In the latitude of Ning-po, 30° north, the summers are too short to have the land cropped in the same way in which it is done in the south. The farmers here manage to have two crops of paddy in the summer by planting the second crop two or three weeks after the first, in alternate rows. The first planting takes place about the middle of May, and the crop is reaped in the beginning of August, at which time the alternate rows are only about a foot in height, and are still quite green. After the early crop is removed, the ground is stirred up and manured, and the second crop having now plenty of light and air, advances rapidly to maturity, and is ready for the reaping-hook about the middle of November.
About one hundred miles further north, in the Shanghae district, the summers are too short to enable the husbandman to obtain a second crop of rice, even upon the Ning-po plain, and he is therefore obliged to content himself with one. This is sown at the end of May, and reaped at the beginning of October.

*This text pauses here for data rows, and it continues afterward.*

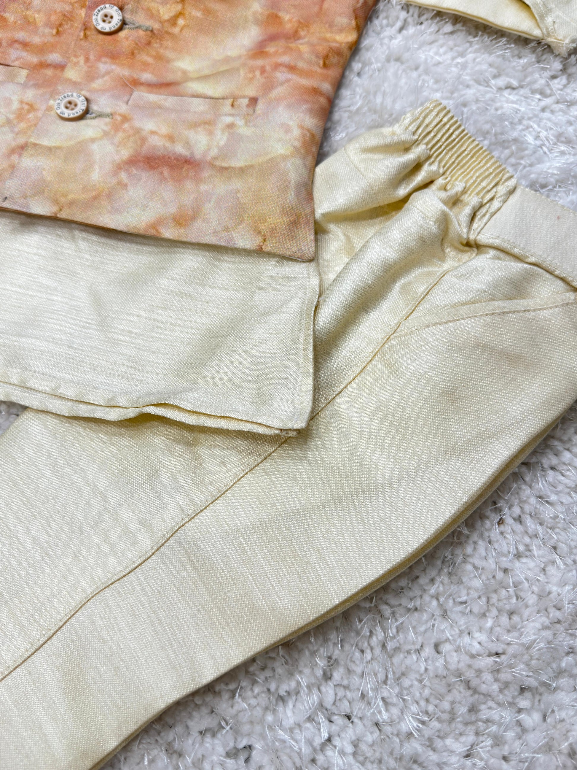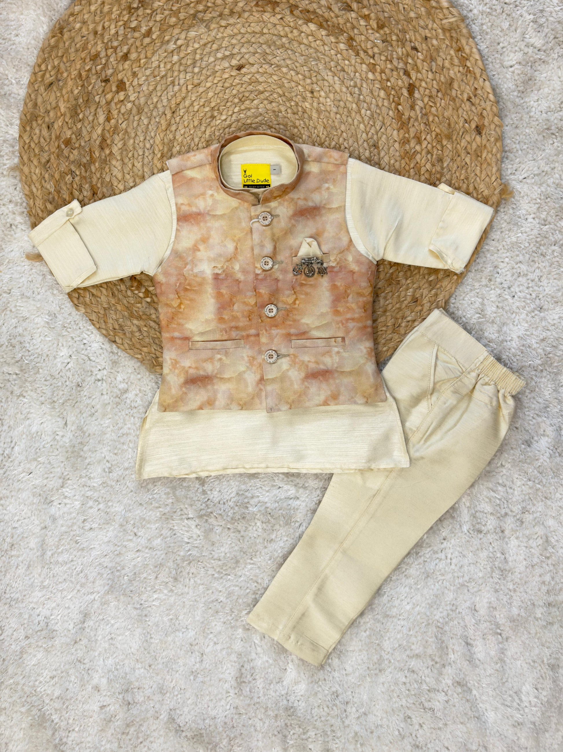 Full Sleeves Solid Color Kurta Pyjama Set with Floral Print Waistcoat Print
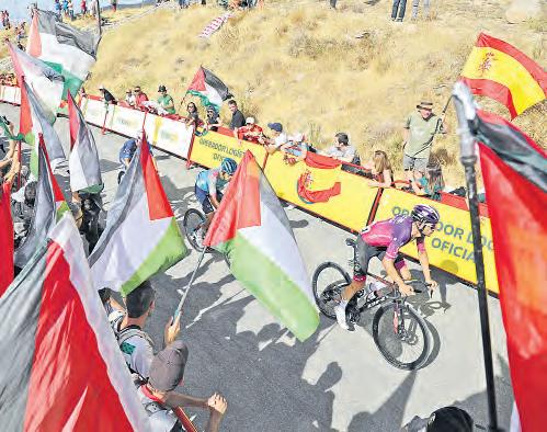 ▲ Al grito de “¡no es una guerra, es un genocidio!” y “palestina libre”, alrededor de 100 mil personas protestaron en la tradicional competencia del ciclismo en españa. La última etapa fue cancelada cuando el pelotón entró en la ciudad y se enfilaba
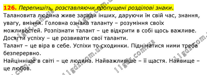 Перепишіть, розставляючи пропущені розділові знаки. Талановита людина живе заради інших, даруючи їм свій час, знання, увагу, вміння. Головна ознака таланту – розуміння своїх можливостей. Розпізнати талант – це відкрити в собі щось важливе. Досягти успіху – це розвивати свої таланти. Талант – це віра в себе. Успіхи то сходинки. Підніматися ними треба безперервно. Найцінніше в світі – це людина. Найважливіше – її щастя. Найвище – це любов.
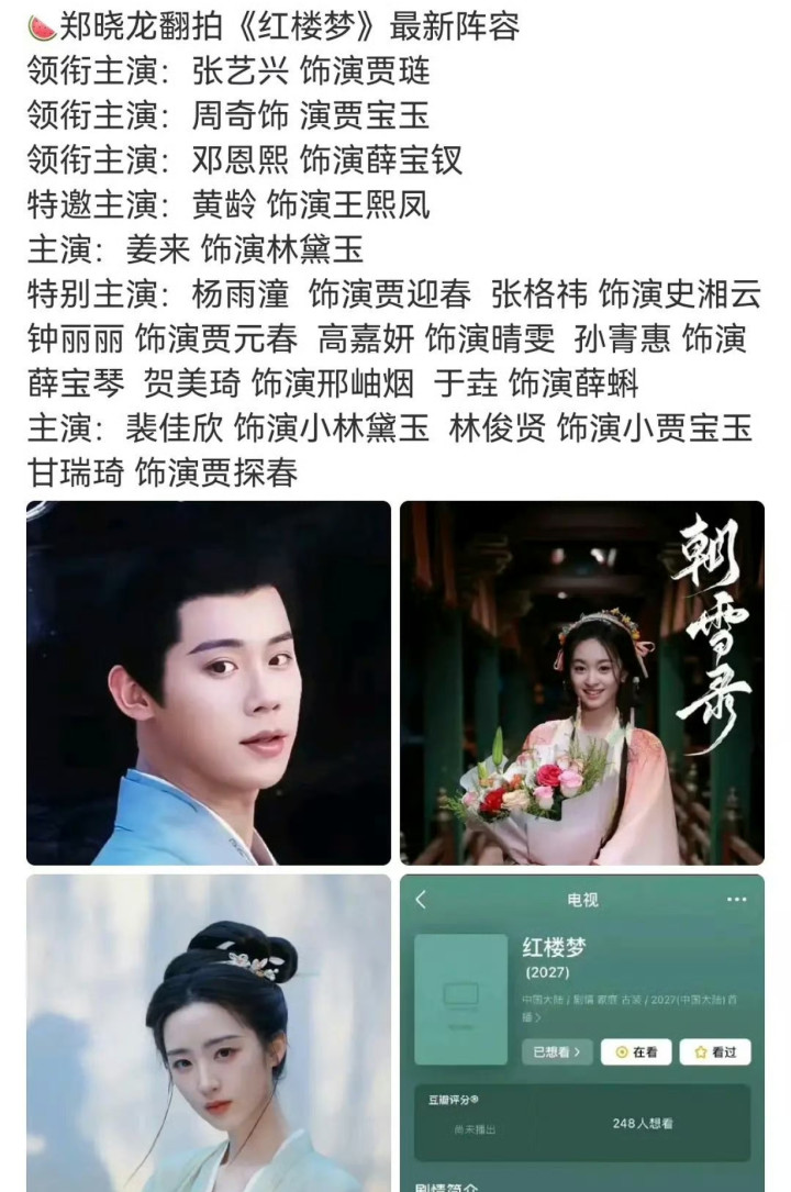 #曝红楼梦翻拍选角##郑晓龙翻拍红楼梦
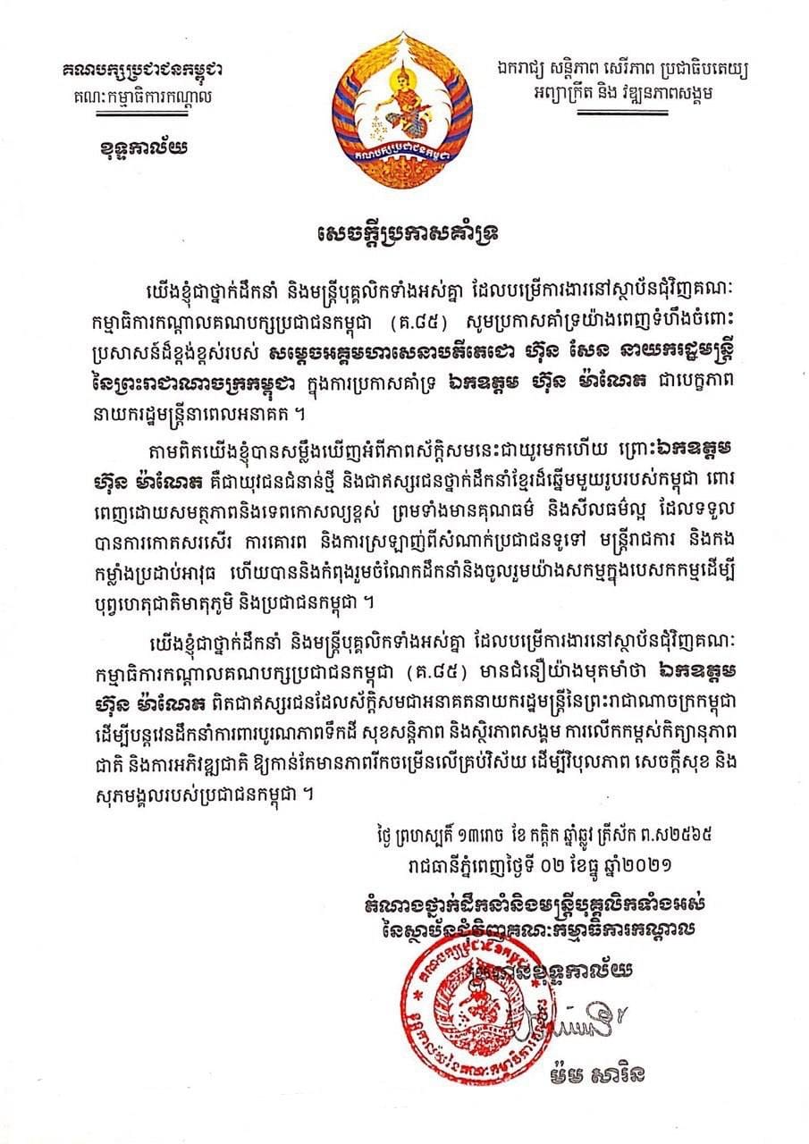 ក្នុងនាមជាថ្នាក់ដឹកនាំ និងមន្ត្រីដែលបម្រើការងារនៅស្ថាប័នជុំវិញគណ:កម្មាធិការកណ្តាលគណបក្សប្រជាជនកម្ពុជា (គ ៨៥) សូមគាំទ្រយ៉ាងពេញទំហឹងជាសាធារណ:ចំពោះប្រសាសន៍របស់សម្តេចតេជោ ហ៊ុន សែន ប្រកាសគាំទ្រ ឯកឧត្តម ហ៊ុន ម៉ាណែត ជាបេក្ខភាពនាយករដ្ឋមន្រ្តីនាពេលអនាគត Posted on ថ្ងៃសុក្រ, 3 ខែធ្នូ, 2021ថ្ងៃសុក្រ, 3 ខែធ្នូ, 2021

A large quantity of rain always falls at the change of the north-east monsoon in May. This is of the utmost importance to the farmer, not only as regards his rice crops, but also as to many other operations at this season of the year. We are accustomed to hear a great deal of the machine-like regularity which pervades all the operations of the Chinese; but a little investigation of the circumstances in which they are placed—at least in so far as agriculture is concerned—will convince us that their practice is regulated, not so much by caprice and those "Mede and Persian" laws, as by the laws of nature herself, upon which the success of the varied operations of agriculture mainly depend. Thus the crops of rice and cotton are sown on the low lands, and the sweet potatoes are planted on the hills, year after year, exactly at the same time. But this regularity is not the effect of prejudice, nor in obedience to the imperial orders; it is simply the result of experience which has taught the farmer that this is the proper time for these operations, because there will then be a continuance of frequent and copious showers, which will moisten the earth and the air until such time as the young rootlets have laid hold of the soil and are capable of sending up sufficient nourishment to the stems.
Water-wheel for Irrigation.
During the growth of the rice, the fields are always kept flooded when water can be obtained. The terraces near the base of the hills are supplied by the mountain streams, and the fields which are above the level of any adjoining river or canal are flooded by the celebrated water-wheel, which is in use all over the country. These machines are of three kinds. The principle in all of them is the same, the only difference being in the mode of applying the moving power; one is worked by the hand, another by the feet, and the third by an animal of some kind, generally a buffalo or bullock. The rice lands are kept flooded in this way until the crops are nearly ripe, when the water is no longer necessary. It is also necessary, or at least advantageous, to go over the ground once or twice during the summer, and stir the soil up well amongst the roots, at the same time removing any weeds which may have sprung up. If the weather is wet, the fields retain the water for a considerable time, and then it is not an uncommon sight to see the natives wading nearly up to the knees in mud and water, when they are gathering in the harvest.
When ripe, the crops are cut with a small instrument, not very unlike our own reaping-hook, and are generally thrashed out at once in the fields where they have grown. Sometimes, however, and more particularly in the north, the paddy is tied up in sheaves, and carried home before it is thrashed; indeed every thing in the northern agriculture of the Chinese has a great resemblance to what is practised in Europe.